Table 2 presents the simulation results for two cases of optimizations. In case A , the total power requirements was minimized by finding the 1st stage discharge pressure with the constraint of equal stage compression ratio. This results in approximately equal compression power requirements for the two stages. It should be noted that the slight difference in compression ratio and stage compression power is due to the 34 kPa (5 psi) pressure-drop between discharge of 1st stage and suction of 2nd stage. However, in Case B, the total energy requirement was minimized by finding the 1st stage discharge pressure without the constraint of equal stage compression ratios. The results summarized in Table 2 indicate that there is a big difference between the case A and case B 1st stage discharge pressures. It can also be seen that the case A total power requirement (W1+W2) is clearly larger than case A (about 40 % higher).

 

 

The variation of total compression power and total cooling load requirement as a function of 1st stage discharge pressure are shown on the left hand side y-axis of Figure 5. This figure indicates clearly that the minimum power requirement occurs when the 1st stage discharge pressure is 77.8 bars. Figure 5 also provides an indication that the total power requirement changes very little for 1st Stage discharge pressures between about 76 bars and 80 bars.

 

Effect of Water Vapor in the Feed-The detail of simulation results based on unequal compression ratio for the two options of wet feed (saturated with water vapor) and dry feed is shown in Table 3. As can be seen from this table, water vapor has little effect on the performance of the process. The 0.23 % increased compression power requirement for the wet feed is due to 0.28 % increase in feed flow rate for the presence of water. It should be noted that the dry feed flow rate is 11953 kmol/hr and the wet feed flow rate is 11987 kmol/hr (34 kmol water/hr + 11953 kmol of dry gas/hr).


Effect of Heavy Ends in the Feed-In order to study the effect of heavy ends on the performance of the process, normal octane (nC8H18) was replaced with normal decane (nC10H22) and the simulation was repeated. The detail of simulation results based on unequal compression ratio for these two options of heavy ends is shown in Table 4. As can be seen from this table, the total compression power requirements decreases slightly for the case using nC10H22 due to the fact that more of the heavy component is removed in the first separator. The compressor power for the stages and heat exchanger duties are not affected by the presence of heavier components in the feed stream. In other words, the feed flow rate to the compressor decreases when nC8H18 is replaced by nC10H22.

Effect of Feed Temperature – In order to study the effect of feed temperature on the performance of the process, the feed temperature was increased from 37 °C to 56 °C and the simulation results are shown in Table 5.

Table 5. The effect of feed temperature on the performance of the process

The feed at 56 °C represents the actual condition during the summer season. As can be seen from this table, the warmer feed requires an increase of 5.34 % in total compression power consumption. So the feed temperature is an important parameter and its variation, especially due to seasonal change, should be taken into considerations.
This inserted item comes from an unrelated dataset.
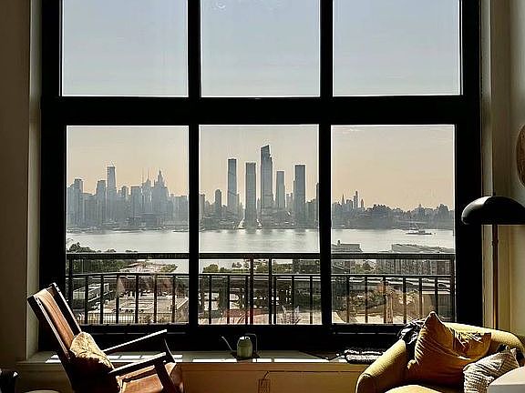 Welcome to this spacious 2BR/2BA home at Gregory Commons, offering million NYC skyline views from your Livingroom window. The unit features hardwood floors, high ceilings, and expansive windows flooding the space with natural light all year round. Built in Central AC, modern appliances in unit W/D and more. in Suit bathroom available in the master bedroom. One extra room can be used as office or extra bedroom. The building has an indoor swimming pool, sauna, gym, community room, elevators, and a 24/7 doorman. Located in heart of Weehawken, Walking to Oak Deli, Fork Hill Kitchen, the reservoir, local dog park and more.
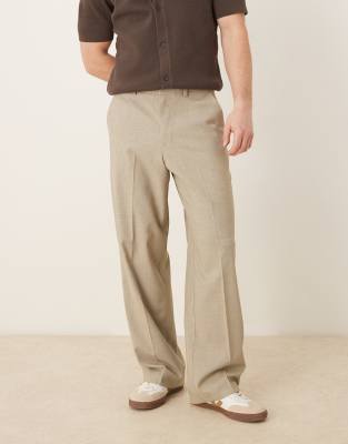 ASOS DESIGN – Elegante Hose in meliertem Hellgrau mit weitem Bein

For the unequal compression ratio case having compression ratios of 2.397 and 1.733 for stages 1 and 2, respectively, the variation of energy requirement with feed temperature is shown in Figure 6. Stage 2 was not affected with the variation of feed temperature; therefore, the compression power and cooling load for stage 2 remained constant at 7.254 MW and 8.407 MW, respectively. Since, the compression ratio was constant, the compression power requirement for stage 1 varied from 12.2 to 13.28 MW; however, the cooling load varied drastically from 10.85 to 14.83 MW.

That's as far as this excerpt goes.